How to Model Data by Refactoring SQL - Level 2

In a previous article we talked about how to refactor SQL code to improve readability and maintainability. That example applied to a single query. Now we're ready to take it to the next step and go across queries.

In this example we're going to be looking at production-level dbt code and see how we can improve it. In the process, we'll see how to use refactoring to model data.

Without further ado let's get into it.

Let's take a look at this dbt model in the mattermost repo.

I'm not going to reproduce the entire code here since it's too long, but you should pull it up alongside this post for reference, or just read the code snippets I'll provide screenshots for.

By the way, I don't have access to the database so I'm not going to actually rewrite this code. That would require actual testing to make sure the output is the same, and that's incredibly time consuming.

This code is a dbt model that builds a funnel table which I'm guessing is used to evaluate sales performance.

The first thing I notice is that the code is using CTEs to break up the various sales stages, exactly as I suggested in the level 1 refactoring article referenced above.

Let's skip over the months and key_assumptions CTEs since they're not that interesting and look at the web_traffic CTE.

It seems that this query is pulling traffic data from the raw table daily_website_traffic and through regular expressions, I think it's trying to limit the traffic to certain domains.

I can't be sure that I'm right, but that's not the point here. I would highly recommend this code be moved upstream to adaily_website_traffic model and either you filter it there, or you create attributes that define "mattermost traffic."

Remember our 3rd principle "Move Logic Upstream" from the modularity article? By moving the logic upstream, you unlock downstream use cases for this model. If adaily_website_traffic is ever needed again, you don't have to copy/paste this code. And if you need to change the logic in any way, you make the changes in one place.

Let's look at another example in the same file.

The next 4 CTEs (lead_creation, mql reengaged_mql and sal) all reference the raw leads table as it's pulled from source (Salesforce or another CRM)

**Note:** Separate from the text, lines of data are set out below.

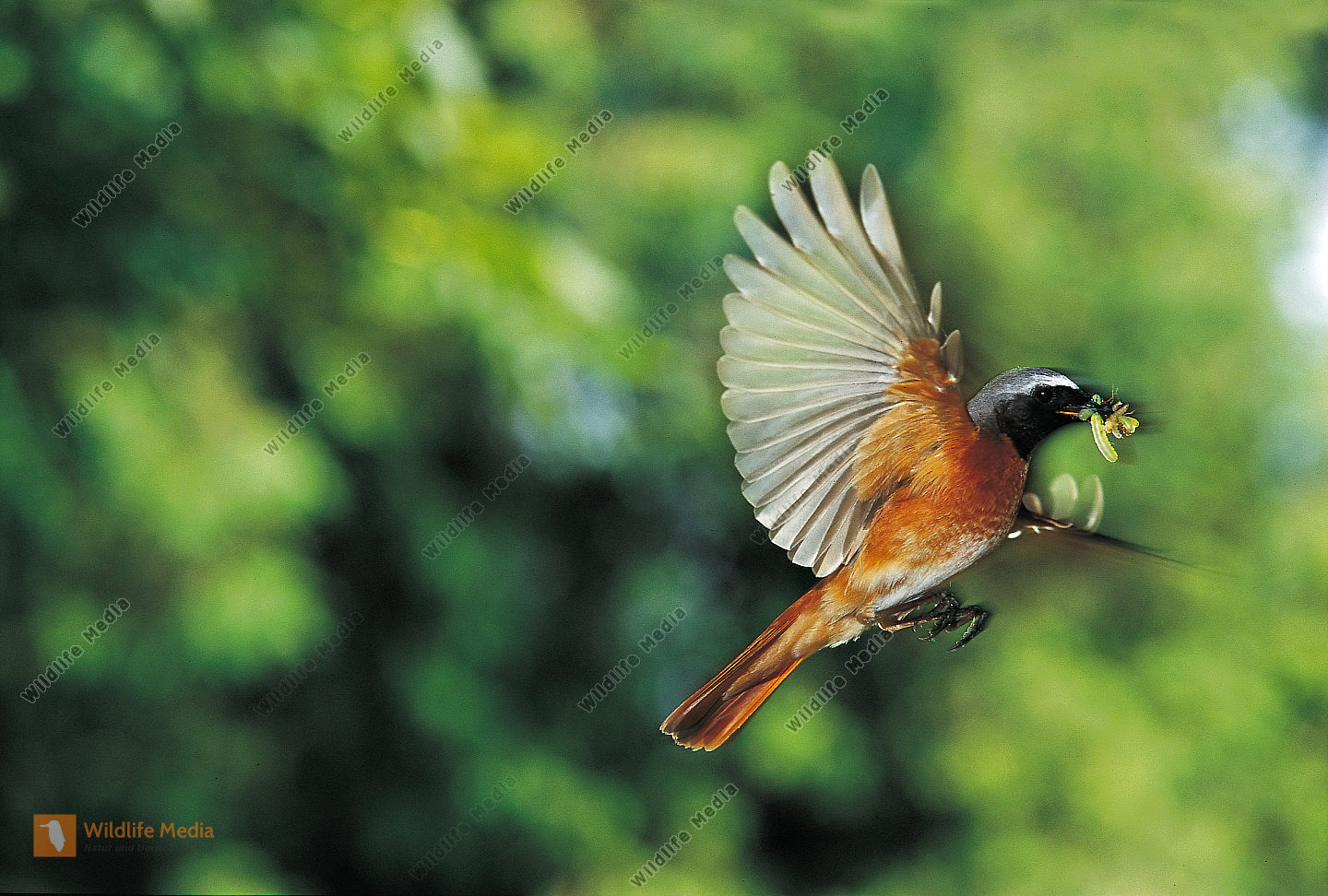 Flug Gartenrotschwanz Männchen Phoenicurus phoenicurus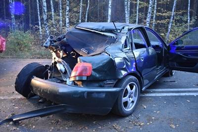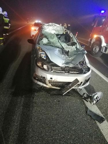 Zderzenie audi z jeleniem. Policja apeluje o ostrożność (zdjęcia)
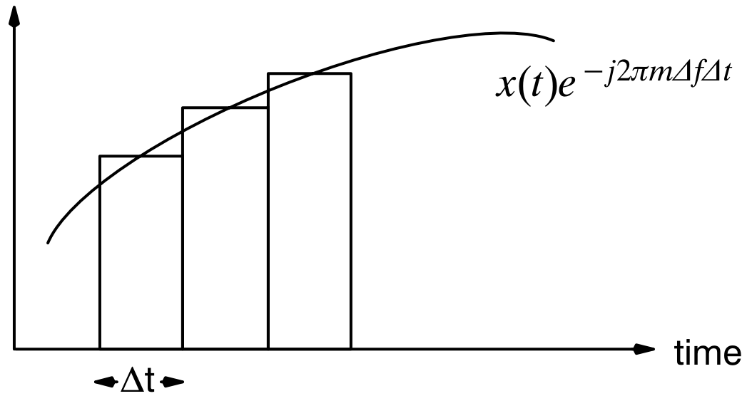 The digital computation of the Fourier Transform is called the Discrete Fourier Transform. It calculates the values at discrete points (mΔf) and performs a numerical integration as illustrated below between fixed limits (N samples).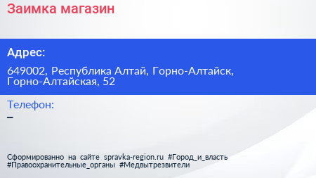 Заимка, магазин по адресу 649002, Республика Алтай, Горно-Алтайск, Горно-Алтайская, 52 в дальнейшем Организация, размещена в следующих категориях: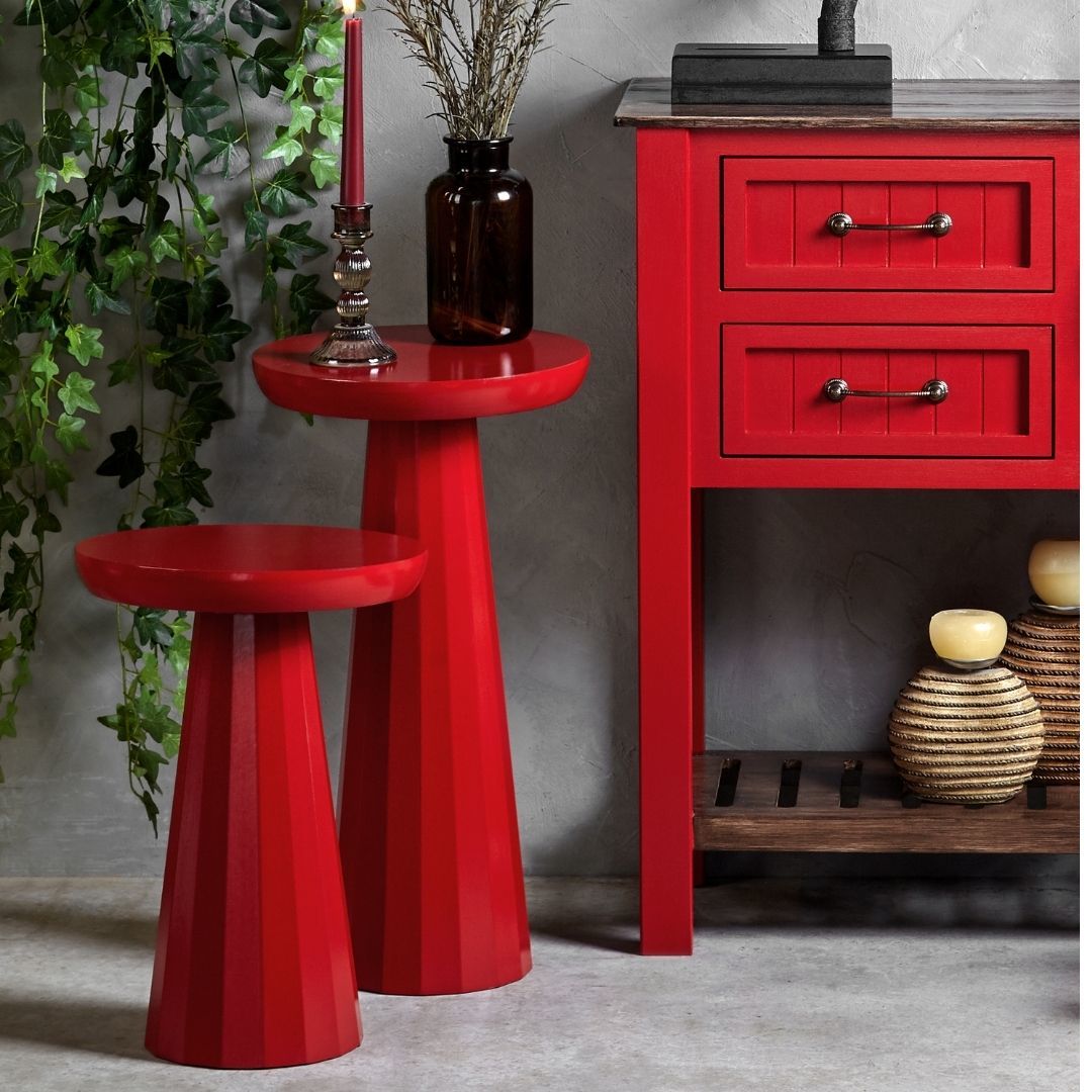 Kırmızı Mantar İkili Sehpa, şık ve fonksiyonel tasarımıyla farklı yüksekliklerde kullanım sunarak yaşam alanlarına estetik bir dokunuş katan özel bir settir. Canlı kırmızı tonu ve mantar formu sayesinde dekorasyonda dikkat çeken bir vurgu oluşturur ve her mekânda pratik bir tamamlayıcı olarak öne çıkar.

Notice how the condition in the where clause is repeated every time. Remember our DRY principle from the modularity article?

This repetition is wasteful and really hard to maintain. Make one mistake in pasting and you'll be spending the next several hours debugging data issues.

Again we can apply both the DRY principle and move logic upstream by creating a leads model that handles the filtering and has all the necessary attributes such as createddate, first_mql_date, most_recent_mql_date and so on. All you'd have to do is reference the model and not worry about the details.

Here's an example of what that might look like. I don't recommend this by the way, I think the code in all_leads belongs in the leads model but to illustrate the pattern, I'll do a quick refactor.

The traditional modeling approach is to define everything you need upfront. So a data engineer or architect would get together with the business owners and ask them about all the concepts they care about in the business.

Leads is a very important concept in many business models, especially if you're paying to acquire them. The Leads concept might have attributes such as email, creation_date, source, etc.

By creating this abstract concept in your data warehouse with all the attributes you want to track, you've created a type of data "contract" which basically says regardless of how leads are implemented in the operational systems, I want these attributes mapped.

But this is just one way to do modeling. It suffers from what's called a BDUF (big design upfront) and it's not agile. Most programming these days is done in rapid iteration (known as sprints) where you deliver working code at each step.

Can we do the same for data?

I think we can, but we need brave analytics / data engineers who are not scared of mucking about in the guts of a dbt repository. The moment you see WET code (Write Everything Twice) or logic that can be moved upstream, you do it.

One of the core benefits of modeling this way, outside of making code more readable, easier to maintain and debug, is that it creates durable concepts. With a Leads object in place, we can worry less about the actual implementation.

If tomorrow the CTO decides to swap out the CRM for a new system, you only need to change one model to map the new fields and your warehouse keeps working.